**WORK TASK:** All of the data that follows is to be printed exactly, without pictures.

#### SOURCE DATA

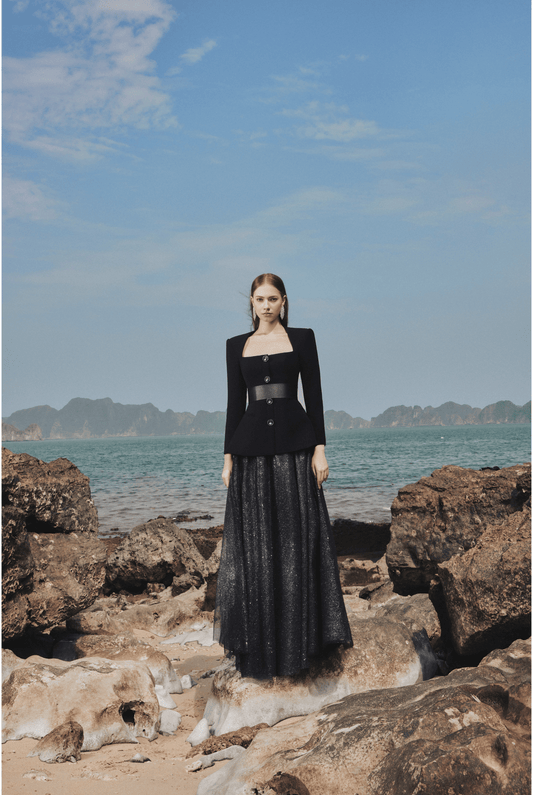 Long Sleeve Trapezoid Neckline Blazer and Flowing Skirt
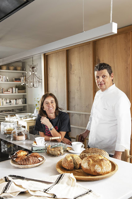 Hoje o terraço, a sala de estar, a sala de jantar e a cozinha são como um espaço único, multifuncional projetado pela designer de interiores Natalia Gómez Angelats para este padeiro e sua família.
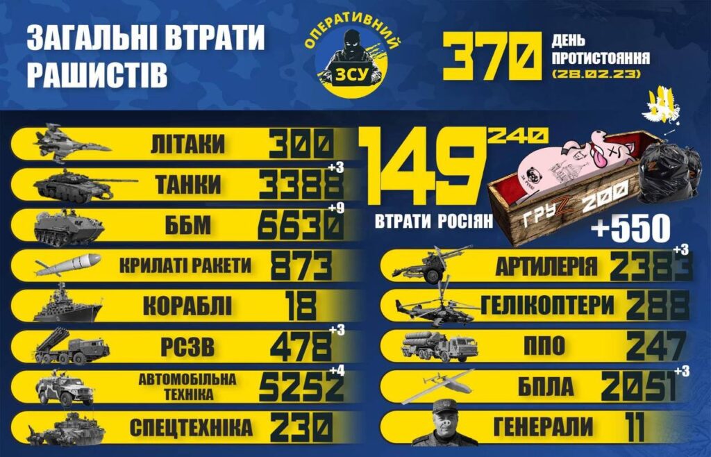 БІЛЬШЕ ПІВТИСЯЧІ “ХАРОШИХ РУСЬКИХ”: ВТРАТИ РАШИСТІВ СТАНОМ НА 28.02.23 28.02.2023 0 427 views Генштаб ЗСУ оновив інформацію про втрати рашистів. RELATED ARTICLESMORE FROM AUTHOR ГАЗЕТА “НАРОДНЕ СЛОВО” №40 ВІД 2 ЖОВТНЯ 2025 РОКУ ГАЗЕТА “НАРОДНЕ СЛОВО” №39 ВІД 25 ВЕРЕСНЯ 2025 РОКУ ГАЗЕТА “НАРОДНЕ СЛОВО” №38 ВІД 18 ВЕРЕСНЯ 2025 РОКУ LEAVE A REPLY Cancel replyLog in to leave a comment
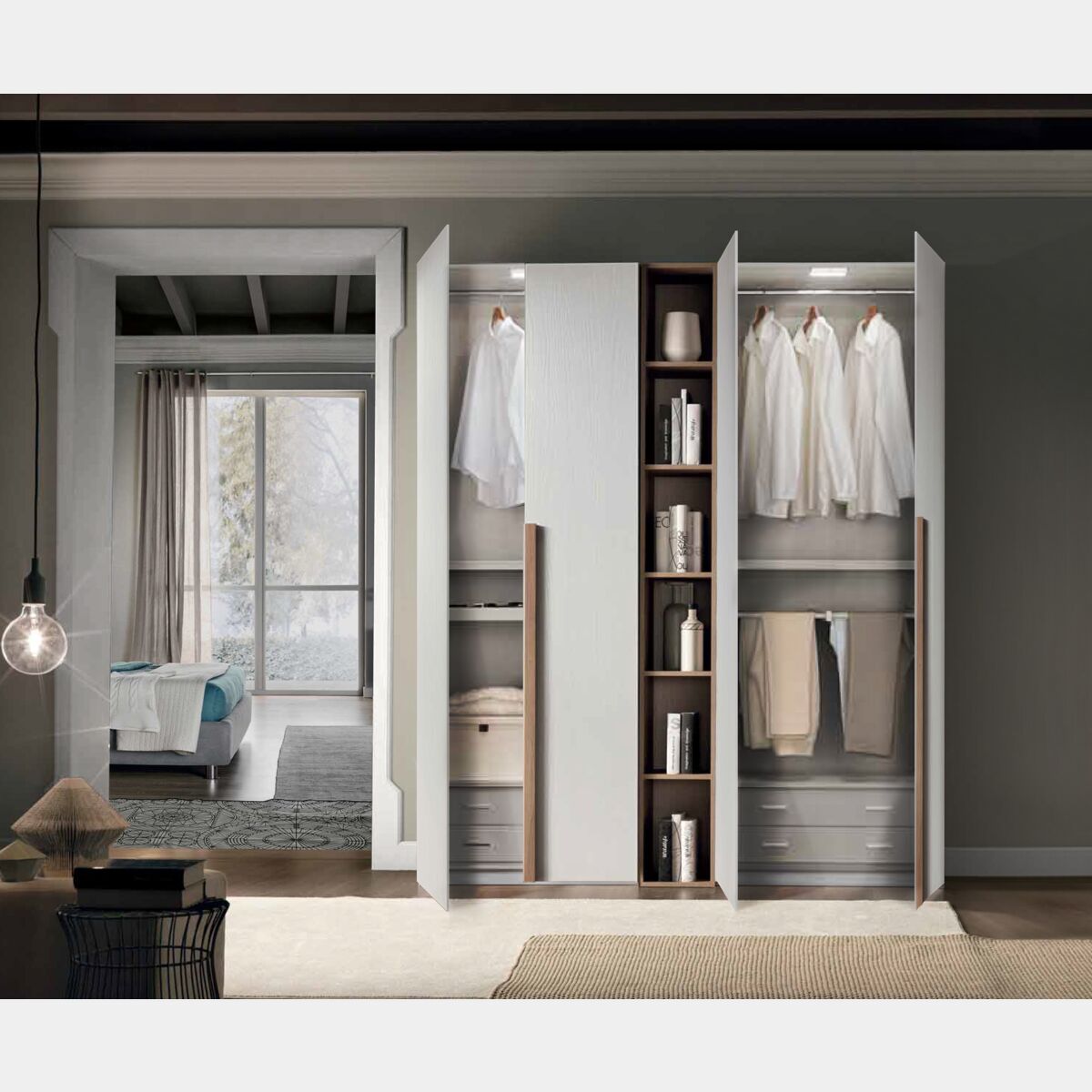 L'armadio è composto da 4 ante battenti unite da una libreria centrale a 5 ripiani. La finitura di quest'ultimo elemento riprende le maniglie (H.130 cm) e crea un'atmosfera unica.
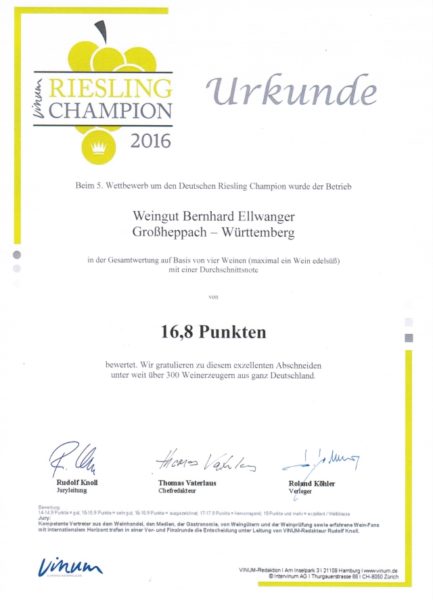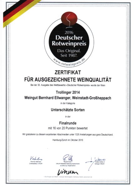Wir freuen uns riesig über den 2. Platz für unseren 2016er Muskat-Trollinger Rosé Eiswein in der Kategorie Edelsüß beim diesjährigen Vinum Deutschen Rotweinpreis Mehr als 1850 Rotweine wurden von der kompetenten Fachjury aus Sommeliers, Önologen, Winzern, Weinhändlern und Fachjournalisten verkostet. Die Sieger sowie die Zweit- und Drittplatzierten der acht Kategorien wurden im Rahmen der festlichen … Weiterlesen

########

**EXERCISE RESULT:**
 Long Sleeve Trapezoid Neckline Blazer and Flowing Skirt
 Hoje o terraço, a sala de estar, a sala de jantar e a cozinha são como um espaço único, multifuncional projetado pela designer de interiores Natalia Gómez Angelats para este padeiro e sua família.
 БІЛЬШЕ ПІВТИСЯЧІ “ХАРОШИХ РУСЬКИХ”: ВТРАТИ РАШИСТІВ СТАНОМ НА 28.02.23 28.02.2023 0 427 views Генштаб ЗСУ оновив інформацію про втрати рашистів. RELATED ARTICLESMORE FROM AUTHOR ГАЗЕТА “НАРОДНЕ СЛОВО” №40 ВІД 2 ЖОВТНЯ 2025 РОКУ ГАЗЕТА “НАРОДНЕ СЛОВО” №39 ВІД 25 ВЕРЕСНЯ 2025 РОКУ ГАЗЕТА “НАРОДНЕ СЛОВО” №38 ВІД 18 ВЕРЕСНЯ 2025 РОКУ LEAVE A REPLY Cancel replyLog in to leave a comment
 L'armadio è composto da 4 ante battenti unite da una libreria centrale a 5 ripiani. La finitura di quest'ultimo elemento riprende le maniglie (H.130 cm) e crea un'atmosfera unica.
Wir freuen uns riesig über den 2. Platz für unseren 2016er Muskat-Trollinger Rosé Eiswein in der Kategorie Edelsüß beim diesjährigen Vinum Deutschen Rotweinpreis Mehr als 1850 Rotweine wurden von der kompetenten Fachjury aus Sommeliers, Önologen, Winzern, Weinhändlern und Fachjournalisten verkostet. Die Sieger sowie die Zweit- und Drittplatzierten der acht Kategorien wurden im Rahmen der festlichen … Weiterlesen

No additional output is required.